7:32 p.m. Eastern: Here’s another look from South Carolina at Biden supporters’ reactions.
7:26 p.m. Eastern: Decision Desk is projecting an initial 16 delegates for Biden.
7:22 p.m. Eastern: A Biden crowd reacts to the news that he won.
7:21 p.m. Eastern: Some voters were confused about how early the race was called. This early call was due to polling indicating Biden strongly in the lead.
7:08 p.m. Eastern: Decision Desk called the race for Joe Biden based on polling, with vote results still to come.
7:01 p.m. Eastern: Fox News has already predicted that Biden will win the primary.
6:59 p.m. Eastern: There were issues with some of the polls earlier today when precincts changed locations.
The last two polls before the South Carolina primary showed Joe Biden leading, 538 reported. A Feb. 25-28 poll from AtlasIntel showed Biden with 35%, Bernie Sanders with 24%, and Tom Steyer with 12%, followed by Pete Buttigieg with 8% and Elizabeth Warren with 7%. A Feb. 26-27 poll by Trafalgar Group showed Biden at 44%, Sanders at 23%, Steyer at 11%, and Buttigieg at 10%.
But a Feb.26-27 poll by Morning Consult had Sanders in the lead at 33%, followed by Biden at 21%, Bloomberg at 17%, Warren at 11%, and Buttigieg at 10%. A Feb. 26-27 poll by YouGov also put Sanders in first at 27%, followed by Biden at 21%, Warren at 18%, Bloomberg at 14%, and Buttigieg at 10%.
How South Carolina Delegates Work
South Carolina has 63 delegates that attend the Democratic National Convention, and 54 of them are based on voting results. A candidate must meet at 15 percent threshold in order to get delegates, according to The Green Papers.

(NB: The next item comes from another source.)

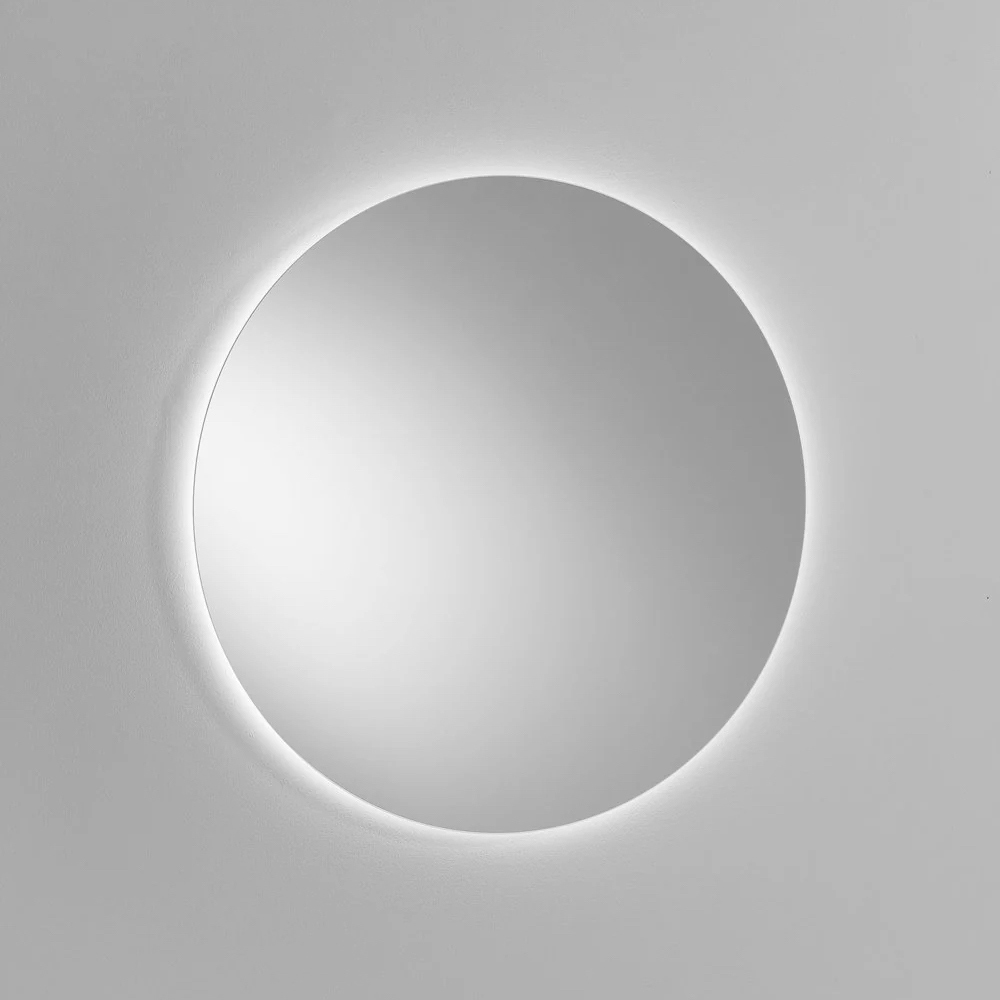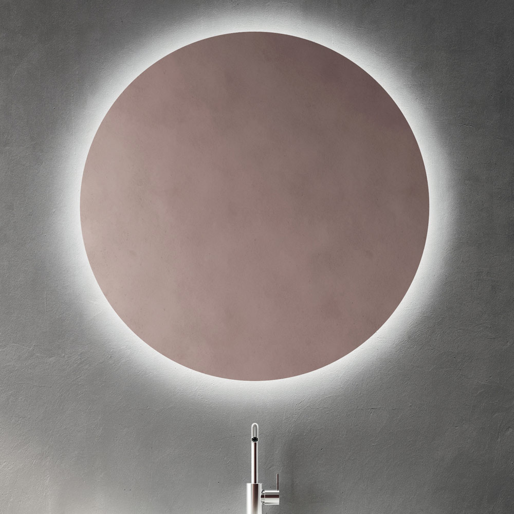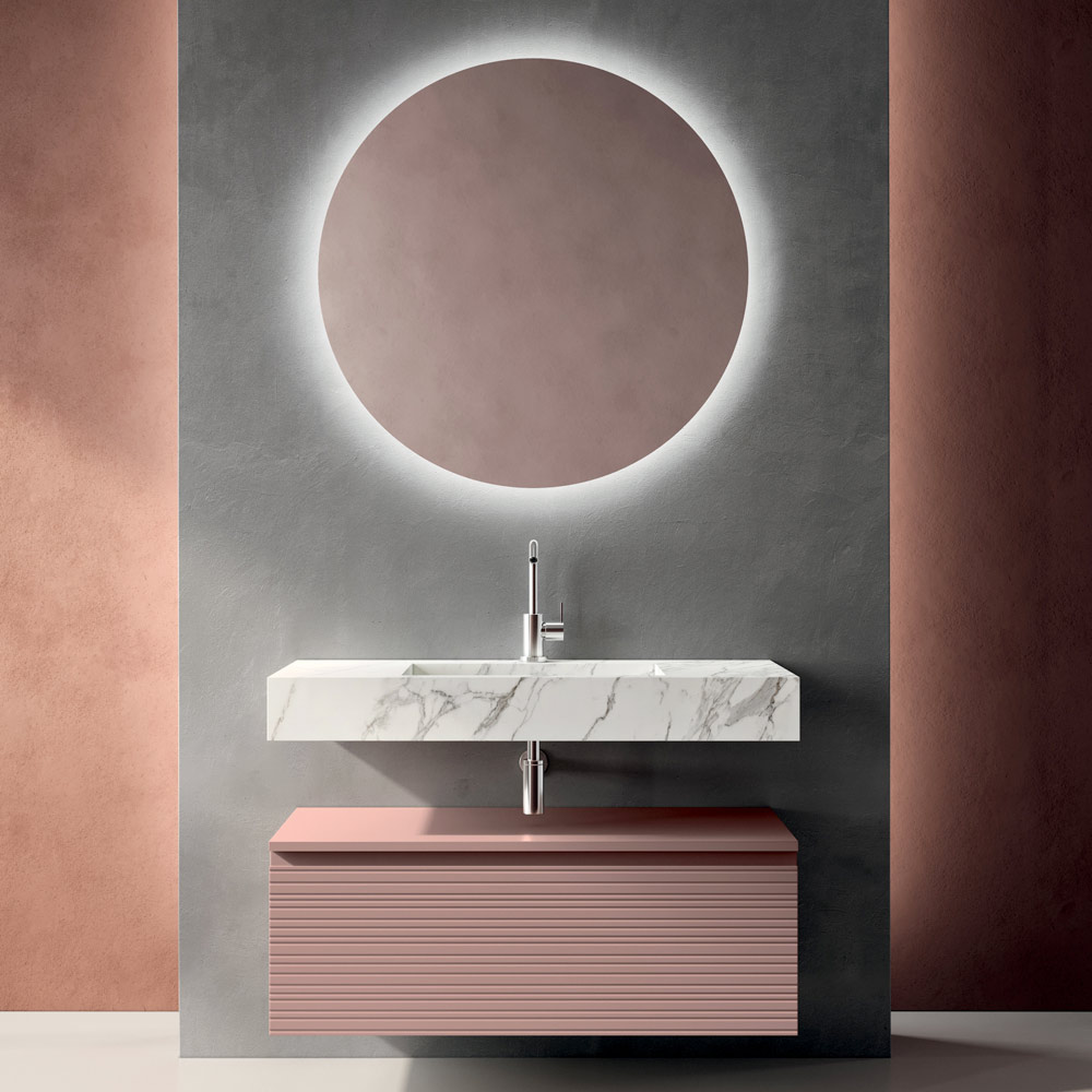 Det runde LED-baggrundsbelyste spejl indtager en central plads på væggen og tilbyder et diffust, omsluttende lys, der fremhæver vaskeområdet og hjælper med at skabe et elegant og dramatisk badeværelsesmiljø.

The delegates include 35 district delegates awarded proportionally based on primary results in the seven congressional districts and 19 delegates based on statewide primary votes (12 at-large and seven pledged PLEOs). The state also has nine unpledged PLEOs, who are essentially superdelegates. These include seven DNC members and two members of Congress (two Representatives).
After this, the precinct reorganization meeting is March 14, followed by County Democratic Conventions from March 14 through March 31, and then the state convention on May 30.
The Democratic National Convention will take place July 13-16. According to Ballotpedia, there will be 4,750 delegates total, including 3,979 pledged and 771 automatic (more commonly known as superdelegates.) In order to not have a contested convention, a candidate needs 1,991 pledged delegates on the first ballot. (Superdelegates aren’t allowed to vote on the first ballot.) If no candidate gets this majority of pledged delegates, then a second ballot (or more) will take place and both pledged and automatic delegates can vote this time. From then on, a candidate needs the majority of all delegates to win, which is more than 2,375 votes.